Since there is a dedicated feature when we want as const for generics, I think that it should be inferred not as const in all of these use cases. This offers the maximum flexibility for consumers as they can pick the behavior they want.

I would also be happy for any work around for this. Let's take this example:

function f<T extends string | number>(value: T): T;

How do I make it so that:

1. f('somestring') is inferred as string
2. f<'blue' | 'red'>('red') is inferred as `red'

Also - how do I solve the issue with arrays? Specifically, if I have the function:

function f<T extends any[]>(value: T): T;

Can I make it so that f(['string', true]) will be inferred as [string, boolean] instead of [string, true]?

Additional information about the issue

No response

[RyanCavanaugh]

I'm confused because you know about const but aren't using it where doing so would give you the result you want.

Inference is presented with a set of candidates plus a constraint and tries to figure out what you wanted.

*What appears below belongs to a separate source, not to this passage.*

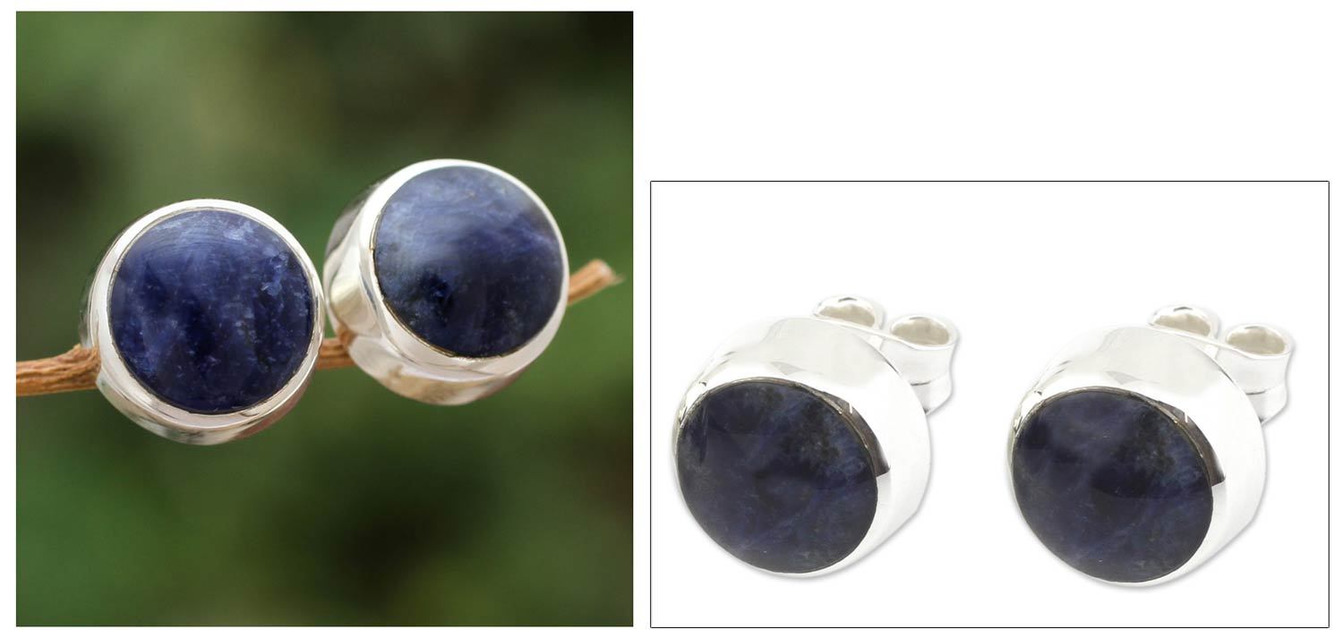 By Carlos González, these earrings are regal in their sleek minimalism. He sets deep blue sodalite in gleaming silver bezels.

This talk goes into some examples - it doesn't talk about literals but you can see from that talk why inference makes some decisions but not others.

Why adding extends string means that the type is now inferred as const?

Because if you wanted the function to return string when passed "hello", you wouldn't have written the constraint in the first place.

Why using an array changes the behavior back to not using as const?

Because the prior argument no longer applies (e.g. you might have a subtype of array that you're specializing to)

Why booleans gets the const treatment while strings don't?

Booleans are a union but strings aren't

[ShacharHarshuv]

I'm confused because you know about const but aren't using it where doing so would give you the result you want.

I'm not sure how I'm supposed to get the result I want using const, as it seems to be the opposite of what I want.

Imagine this example: function f<T extends number | string>(value: T): T. How do I make it infer f('hello') as string, f(1) as number, and f<'red' | 'blue'>('red') as 'red' | 'blue' ?
In that case, there is a reason to the constraint - I do want to narrow number | string but I want to narrow it to either number or string.

The only solution I was able to figure out is using overloads instead:

function f(value: string): string;
function f(value: number): number;
function f(value: string | number): string | number;

However, this doesn't work for more complicated examples. Consider this:

function f<T extends (object | boolean)[]>(value: T): T;

I would expect f([{name: 'hello', true}]) to be inferred as ({name: 'hello'}|boolean)[] but it is inferred as ({name: 'hello'}|true)[].

Is it possible to type in a way that this would work?